» What you are asked to do
The listing below is to be copied exactly, with pictures excluded.

====== Provided records

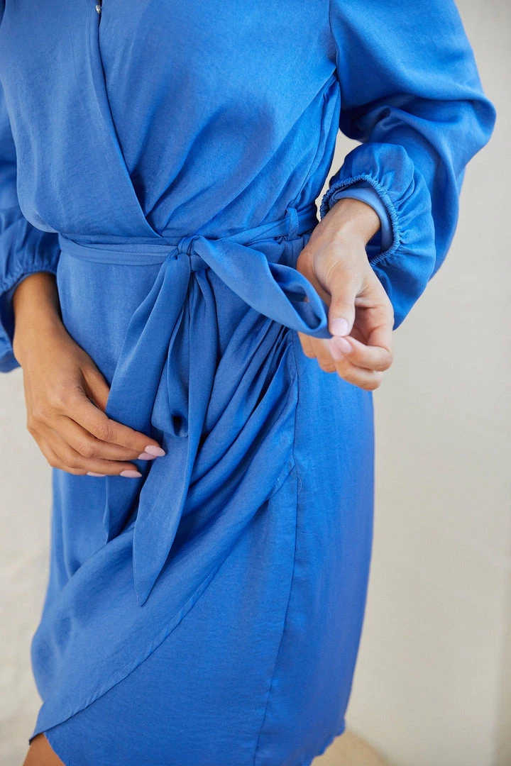 Our Hatilla Dress comes in a sapphire blue colour. Illuminate the room in this wrap style mini that features a surplice neckline, long elasticated bishop sleeves and a fabric waist belt. Be eye-catching with a tangerine tone crystal necklace and a mini leather handbag!
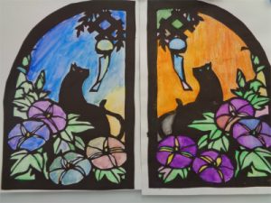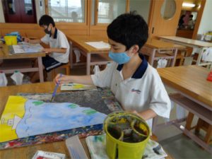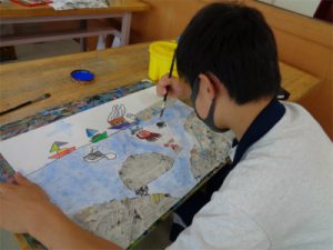 技能の絵画や切り絵では現在「夏の風物」を題材にした作品づくりに取り組んでいます。「朝顔」「向日葵」「海」「金魚」などです。その時々の季節や行事にちなんだものを作ることによって、完成に向けての楽しみが増したり、行事への期待感を多角的に味わったりすることができます。
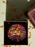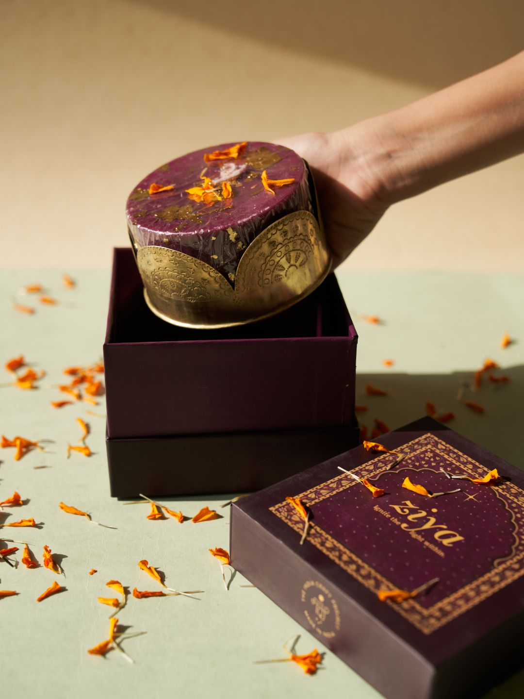 Ziya Scallop Gift Box: Vanilla Homemade Candle with gold foil and Handmade Scallop Shaped Brass Candle Stand
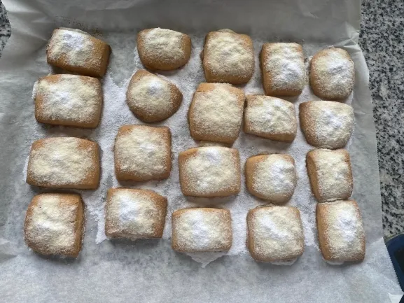 Para el formado, se separa una porción de masa y se estira con un rodillo hasta conseguir un grosor de 1,5 centímetros. Tradicionalmente, la masa se corta en pequeños cuadrados que se colocan en bandejas para introducirlos en el horno.
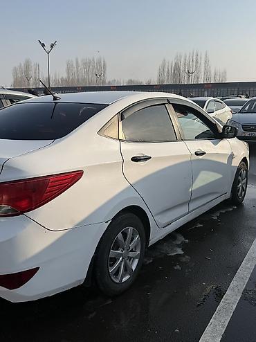 Hyundai Accent (седан), белый цвет, киргизская регистрация (номер KG 06 334 ATB). Кузов и экстерьер: - 4-дверный седан, белый цвет - Литые диски черного цвета - Передняя оптика линзовая, противоту...
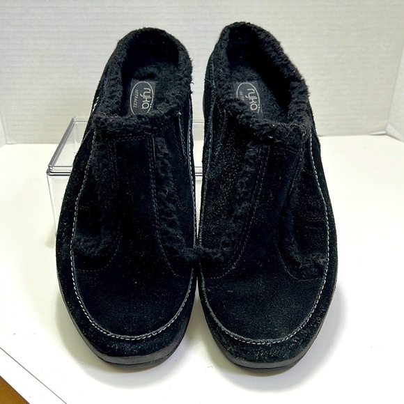 Chic black mules with cozy fleece lining. Ideal for everyday comfort.
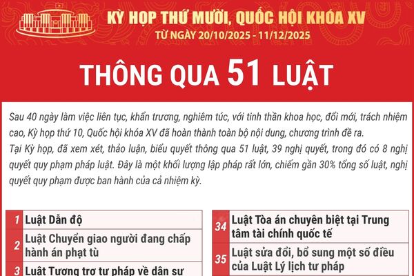 Kỳ họp thứ 10, Quốc hội khóa XV thông qua 51 luật
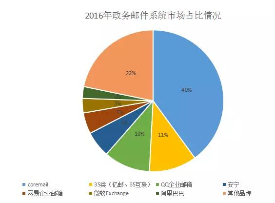 從上圖可見,政府機(jī)構(gòu)絕大部分采用國(guó)內(nèi)郵件系統(tǒng),微軟Exchange只占3%。已知品牌中,Coremail郵件系統(tǒng)以40%領(lǐng)先,35類郵件系統(tǒng)包括億郵、35互聯(lián)兩個(gè)產(chǎn)品,以11%緊跟其后。騰訊企業(yè)郵箱、網(wǎng)易企業(yè)郵箱以及阿里巴巴三大巨頭憑借強(qiáng)大的品牌優(yōu)勢(shì),也占有一定比例。
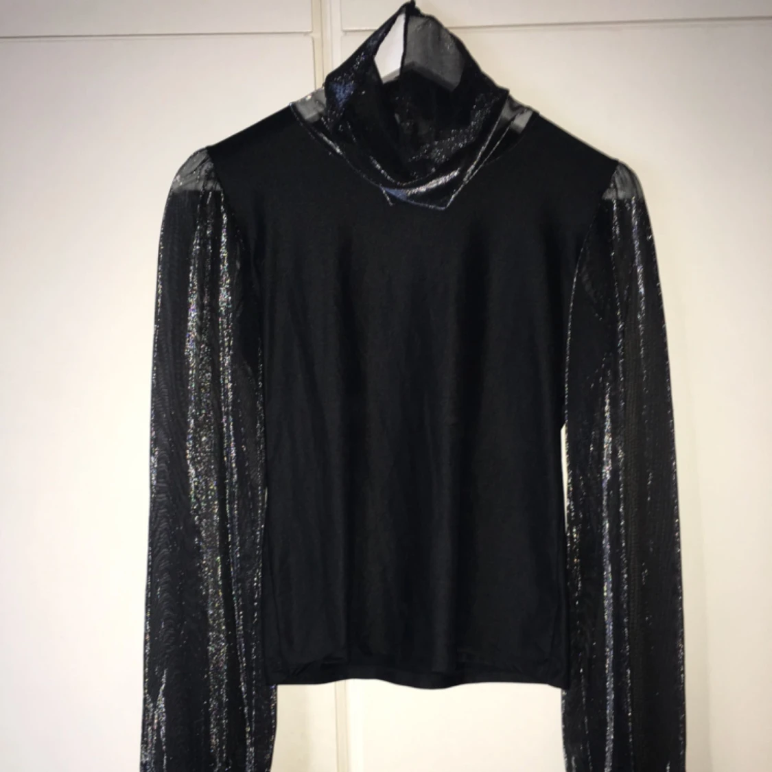 Åtsittande tröja. Ärmarna är av lite längre, svepande, glittrigt tyg.
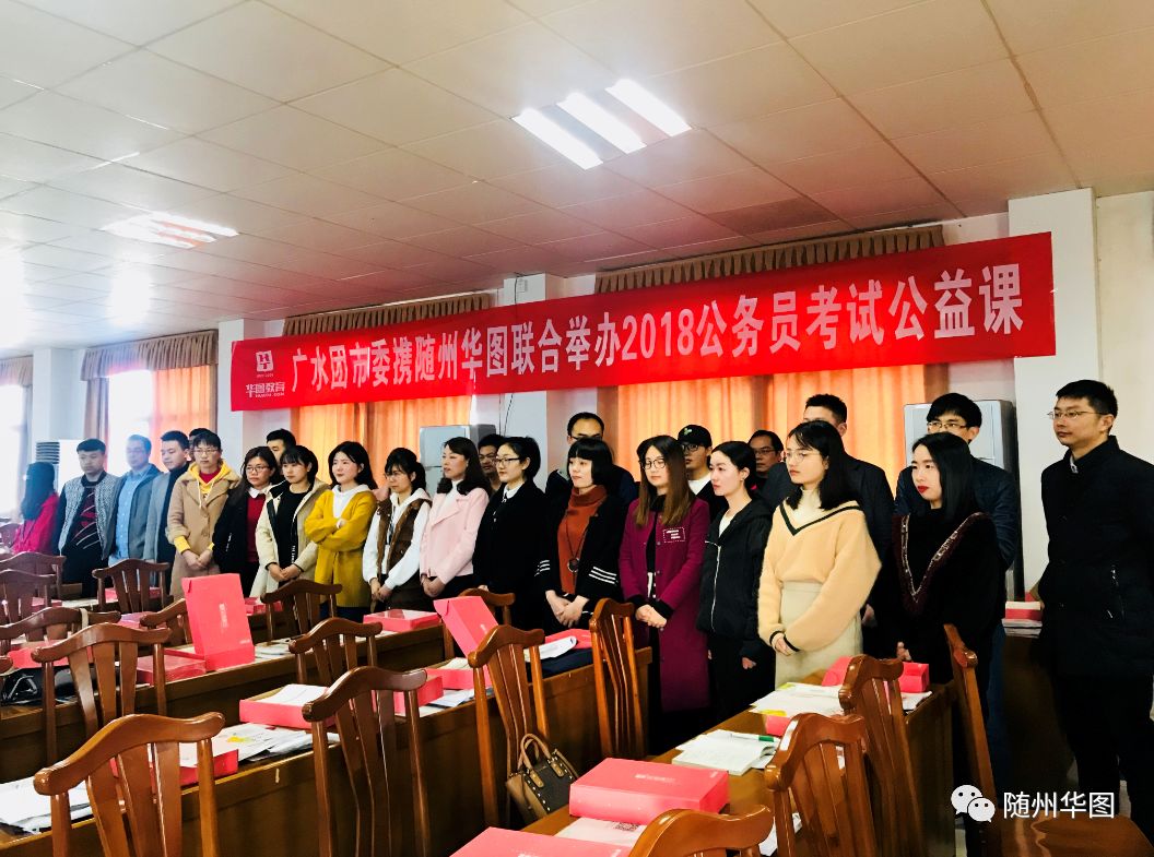 据了解,今年三月份曾都区区团委、随县县团委以及广水市团委均携随州华图联合举办了2018公务员考试公益课,致力于更好地为广大随州考生在此次考试中取得佳绩,促进青年加入人民公仆队伍中,扎实推进就业工作,为更好地服务人民做准备。
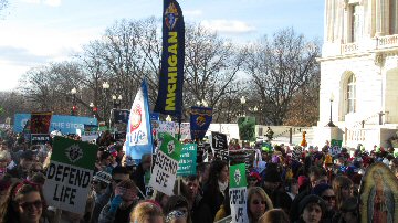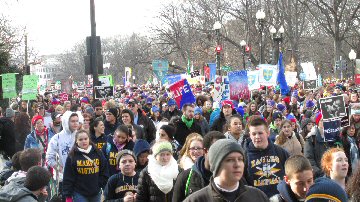 The March For Life represents a gathering of citizens from all parts of the United States and world who peacefully demonstrate their opposition to the decision made by the Supreme Court on January 22nd in 1973 to legalize abortion.  Since that year, more than 60 million human babies have been murdered in the United States of America.  The March For Life welcomes individuals and organizations of every faith and country to gather in Washington, D.C., and other cities to publicly voice their opposition to this decision which deprives unborn children of their rights.
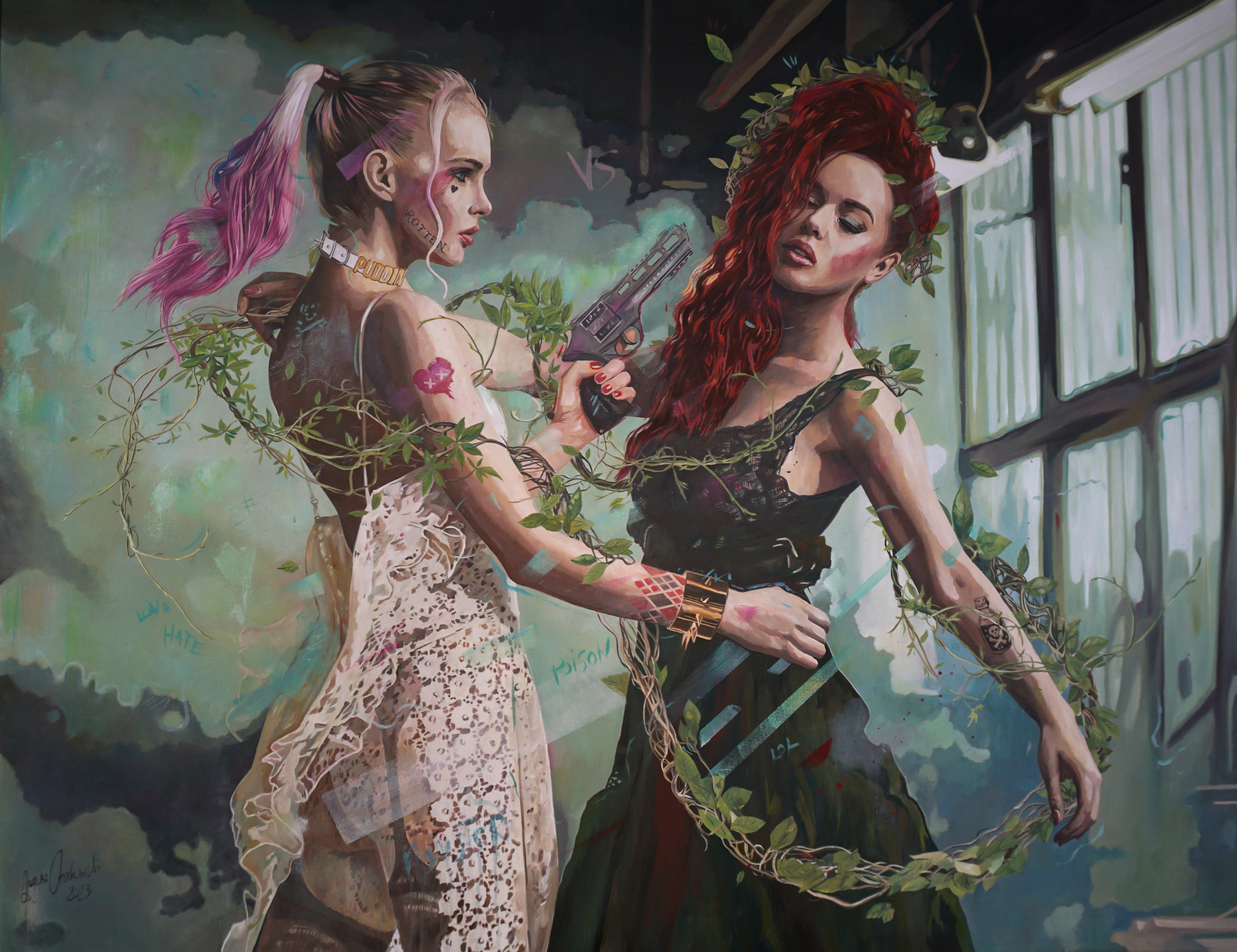 "Harley Quinn Vs Poison Ivy" mixed media oil on canvas 100x130cm 2023
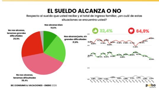 Un relevamiento nacional realizado por la consultora privada Pulso Research advierte sobre el creciente estrés económico que atraviesa la clase media. El estudio señala que la mayoría de las familias enfrenta serios problemas para sostener sus gastos mensuales, mientras se profundiza la reducción en el consumo de alimentos y aumenta el endeudamiento en los hogares.

============

» Result below
 Our Hatilla Dress comes in a sapphire blue colour. Illuminate the room in this wrap style mini that features a surplice neckline, long elasticated bishop sleeves and a fabric waist belt. Be eye-catching with a tangerine tone crystal necklace and a mini leather handbag!
 技能の絵画や切り絵では現在「夏の風物」を題材にした作品づくりに取り組んでいます。「朝顔」「向日葵」「海」「金魚」などです。その時々の季節や行事にちなんだものを作ることによって、完成に向けての楽しみが増したり、行事への期待感を多角的に味わったりすることができます。
 Ziya Scallop Gift Box: Vanilla Homemade Candle with gold foil and Handmade Scallop Shaped Brass Candle Stand
 Para el formado, se separa una porción de masa y se estira con un rodillo hasta conseguir un grosor de 1,5 centímetros. Tradicionalmente, la masa se corta en pequeños cuadrados que se colocan en bandejas para introducirlos en el horno.
 Hyundai Accent (седан), белый цвет, киргизская регистрация (номер KG 06 334 ATB). Кузов и экстерьер: - 4-дверный седан, белый цвет - Литые диски черного цвета - Передняя оптика линзовая, противоту...
 Chic black mules with cozy fleece lining. Ideal for everyday comfort.
 Kỳ họp thứ 10, Quốc hội khóa XV thông qua 51 luật
 從上圖可見,政府機(jī)構(gòu)絕大部分采用國(guó)內(nèi)郵件系統(tǒng),微軟Exchange只占3%。已知品牌中,Coremail郵件系統(tǒng)以40%領(lǐng)先,35類郵件系統(tǒng)包括億郵、35互聯(lián)兩個(gè)產(chǎn)品,以11%緊跟其后。騰訊企業(yè)郵箱、網(wǎng)易企業(yè)郵箱以及阿里巴巴三大巨頭憑借強(qiáng)大的品牌優(yōu)勢(shì),也占有一定比例。
 Åtsittande tröja. Ärmarna är av lite längre, svepande, glittrigt tyg.
 据了解,今年三月份曾都区区团委、随县县团委以及广水市团委均携随州华图联合举办了2018公务员考试公益课,致力于更好地为广大随州考生在此次考试中取得佳绩,促进青年加入人民公仆队伍中,扎实推进就业工作,为更好地服务人民做准备。
 The March For Life represents a gathering of citizens from all parts of the United States and world who peacefully demonstrate their opposition to the decision made by the Supreme Court on January 22nd in 1973 to legalize abortion.  Since that year, more than 60 million human babies have been murdered in the United States of America.  The March For Life welcomes individuals and organizations of every faith and country to gather in Washington, D.C., and other cities to publicly voice their opposition to this decision which deprives unborn children of their rights.
 "Harley Quinn Vs Poison Ivy" mixed media oil on canvas 100x130cm 2023
 Un relevamiento nacional realizado por la consultora privada Pulso Research advierte sobre el creciente estrés económico que atraviesa la clase media. El estudio señala que la mayoría de las familias enfrenta serios problemas para sostener sus gastos mensuales, mientras se profundiza la reducción en el consumo de alimentos y aumenta el endeudamiento en los hogares.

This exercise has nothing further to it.